Este ser homem ou mulher tem de enfrentar três desafios:

Diz respeito ao Tempo: como cuidar de relações de curto prazo, e de si

mesmo, e ao mesmo tempo estar sempre migrando de uma tarefa para

outra [...]

O Talento: como descobrir capacidades potenciais, à medida que vão

mudando as exigências da realidade. [...] a cultura moderna propõe um

conceito de meritocracia, que antes abre espaço para as habilidades

potenciais do que para as realizações passadas.

Vem a ser uma questão de abrir mão, permitir que o passado fique para

trás. [...] Para isso, é necessário um traço de caráter específico, uma

personalidade disposta a descartar-se das experiências já vivenciadas.

(SENNETT, 2006, pp. 13-14)

A citação acima contém as inquietações que movem a construção deste trabalho e da

pesquisa. Posta a nova cultura do capital, em que o trabalhador tem que se livrar do

passado (histórico de aprendizado social) e se submeter à concorrência meritocrática das

instituições, construindo um tempo diferente, ou melhor, personificando suas atividades

sob a base do ―curto prazo‖ – para que assim possa considerar-se um trabalhador capaz.

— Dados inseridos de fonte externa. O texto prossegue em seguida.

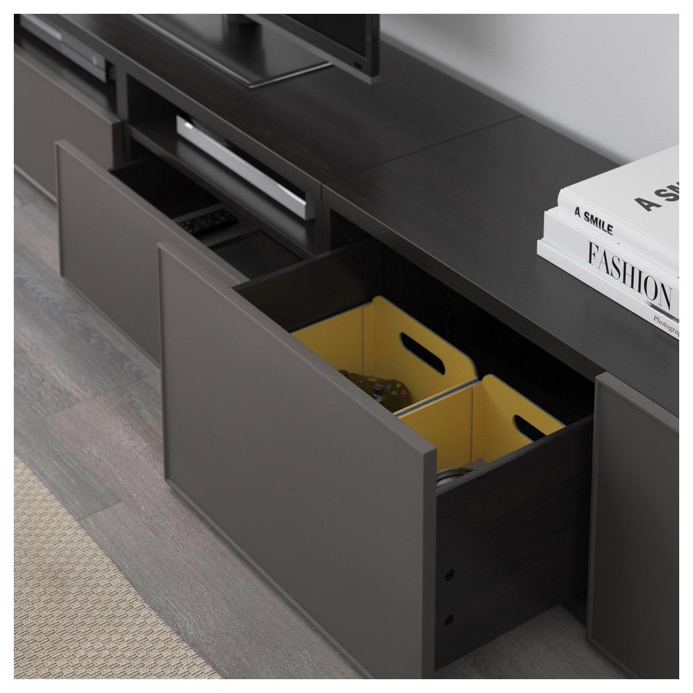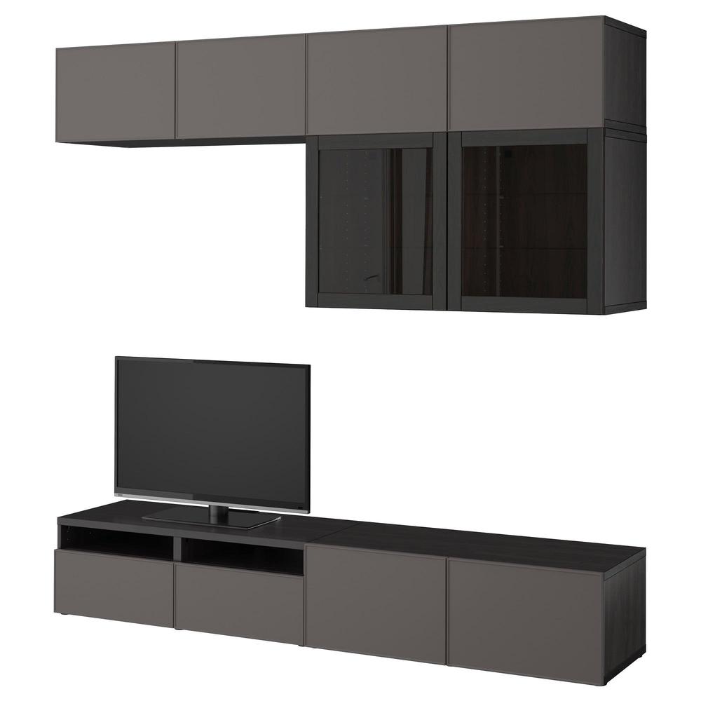 БЕСТО Шкаф для ТВ, комбин/стеклян дверцы - черно-коричневый Грундсвикен/темно-серый прозрачное стекло, направляющие ящика,нажимные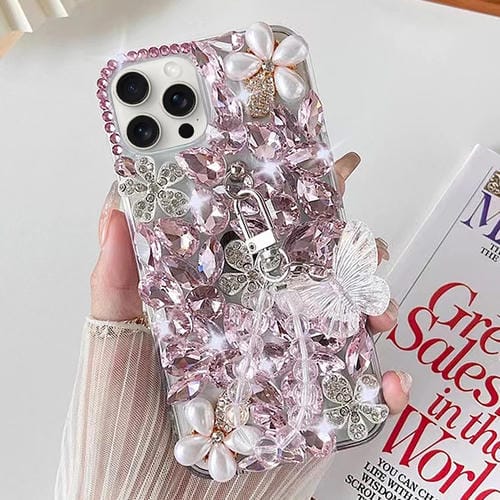 Funda para Teléfono iPhone 14 Pro PC con Incrustaciones de Diamantes y Mariposas (Rosa)

Toda esta questão de aspecto cultural do capital leva a uma discussão sobre a identidade do

trabalhador, referindo aqui ao caráter subjetivo do trabalhador, que pode ser transmutado

por esta nova racionalização do capital. De acordo com Sennett ( 2006, pp. 69-70), ―a

identidade não é tanto uma questão do que fazemos, e sim do lugar a que nos integramos.‖

Contudo, a organização do trabalho consolida-se e passa a ser vista como uma área

específica do conhecimento, principalmente no mundo do trabalho, passível de ser

acumulada, sistematizada, experimentada e elaborada teoricamente por estudiosos que não

necessariamente eram trabalhadores, executores de trabalho fabril. Sendo assim, far-se-á

necessário salientar a importância que houve nas transformações que ocorreram a partir do

final do século XX com os modelos de organização do trabalho, desde o taylorismo e seu

―controle do tempo‖, passando pelo fordismo e sua ―produção em série‖, até o toyotismo

com sua ―produção flexível‖.

Taylorismo e a “Lógica da Eficiência”

4

Em 1856, no subúrbio de Filadélfia, em Germantown, no Estado da

Pensilvânia, nasce Frederick Winslow Taylor, o responsável pela ―lógica da eficiência‖

como modo de vida (BELL, 1980) e pelo culto ao tempo e sua aplicabilidade nas

atividades dos operários das fábricas na época. O que resume bem a lógica do sistema

taylorista seria:

O trabalho realizado por cada homem poderia ser medido; era

perfeitamente possível estabelecer o tempo necessário para a execução de

qualquer trabalho sob a forma de um (Tempo Padrão), impessoal,

calculando-se então o pagamento respectivo, na base de quantidade de

trabalho executado, e o tempo despendido para a sua realização. (BELL,

1980, p. 187)

Sendo assim, honra-se ao título que recebeu ao ser considerado ―o pai da

organização científica do trabalho.‖ (BELL, 1980) Contribuindo de forma eficaz para o

desenvolvimento industrial no século XX.

Com essa citação ficam claros os ―benefícios‖ que o taylorismo legou para a

atualidade: o trabalho por tempo e a cobrança de uma produtividade que é cada vez mais

exigida nas empresas, onde o valor de um trabalho é calculado pelo potencial que um

trabalhador pode gerar em valor (dinheiro) e em menor tempo possível. ―O estudo do

tempo foi iniciado nas oficinas de Midvale Steel Company, por Taylor, em 1881. Fez o

estudo do movimento como parte de sua técnica de estudo dos tempos‖ (TAYLOR, 1990,

p. 14). Com isso,

Taylor queria que os homens sob sua direção realizassem durante um dia

de trabalho uma produção aceitável, e impôs a si próprio o trabalho de

encontrar o método adequado para fazer um trabalho, ensinar o

trabalhador a realizá-lo e fixar as condições em que o referido trabalho

deveria desenvolver-se, fixar o tempo-padrão para a realização do dito

trabalho e por fim pagar ao trabalhador um prêmio em forma de salário

extraordinário se fizesse o serviço especificado. (TAYLOR, 1990, p. 13)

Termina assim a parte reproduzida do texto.